══ Material provided

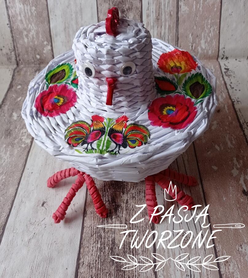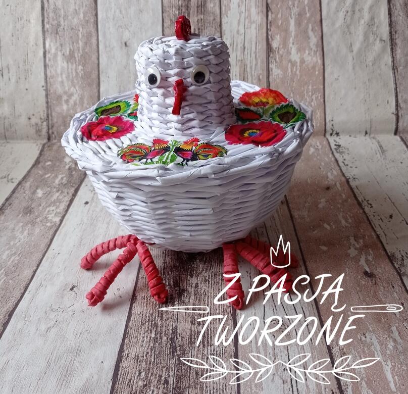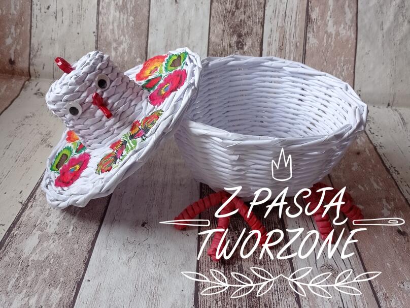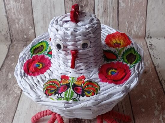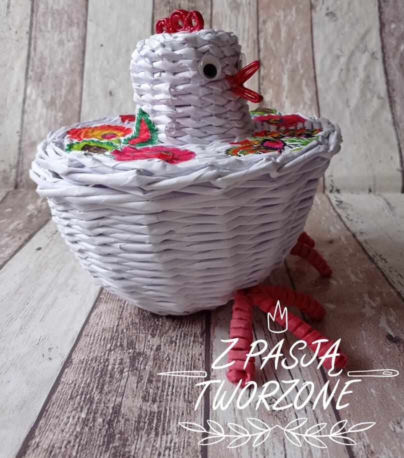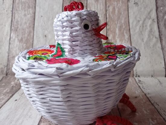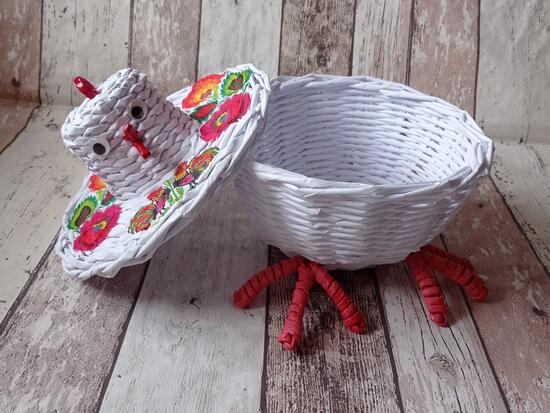 Koszyk wypleciony z papieru ksero, ozdobiony techniką decoupage. Koszyk z pokrywką w kształcie kurki
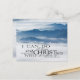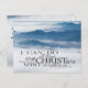 La postal cristiana de las escrituras inspiradoras muestra una fotografía de la naturaleza con montañas azules cubiertas con una nube nublada. Presenta la Biblia contra los filipinos 4:13, "Puedo hacer todas las cosas a través de Cristo que me fortalece". El saludo puede ser personalizado o borrado para una nota escrita a mano.
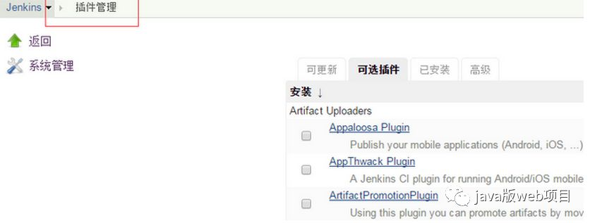 首页->系统管理->管理插件->可选插件->过滤(搜索插件名)->勾选->点击最下面直接安装即可(需要等待一段时间,详情可以看catalina.out日志变化)
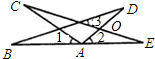 分析:已知AD=AE,AB=AC,∠1=∠2=30°,可证得△BAD≌△CAE.从而求得∠3的度数.
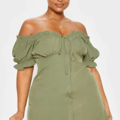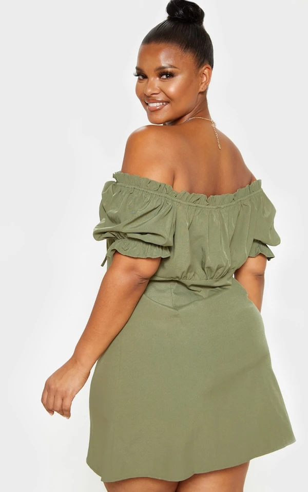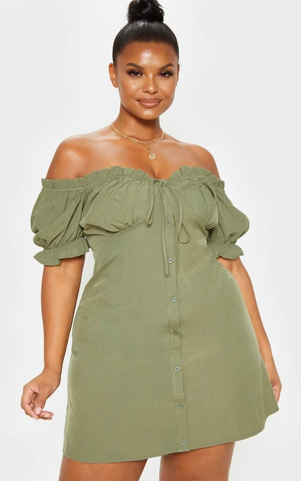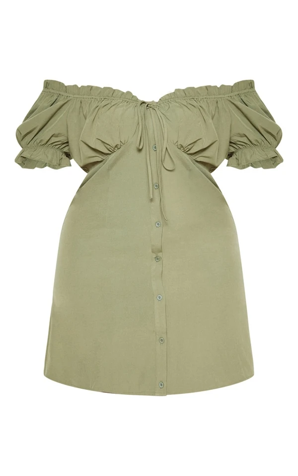 Archi-cool le kaki! Sur cette robe à la coupe droite au col bardot canon et aux boutons sur la longueur, c’est beaucoup trop cute : quand vous l’enfilez vous êtes une babe façon rétro. On adore ce mood 3

════

Work instructions:
Your task is to restate every record word for word. Omit all pictures.

Response box:
 Koszyk wypleciony z papieru ksero, ozdobiony techniką decoupage. Koszyk z pokrywką w kształcie kurki
 La postal cristiana de las escrituras inspiradoras muestra una fotografía de la naturaleza con montañas azules cubiertas con una nube nublada. Presenta la Biblia contra los filipinos 4:13, "Puedo hacer todas las cosas a través de Cristo que me fortalece". El saludo puede ser personalizado o borrado para una nota escrita a mano.
 首页->系统管理->管理插件->可选插件->过滤(搜索插件名)->勾选->点击最下面直接安装即可(需要等待一段时间,详情可以看catalina.out日志变化)
 分析:已知AD=AE,AB=AC,∠1=∠2=30°,可证得△BAD≌△CAE.从而求得∠3的度数.
 Archi-cool le kaki! Sur cette robe à la coupe droite au col bardot canon et aux boutons sur la longueur, c’est beaucoup trop cute : quand vous l’enfilez vous êtes une babe façon rétro. On adore ce mood 3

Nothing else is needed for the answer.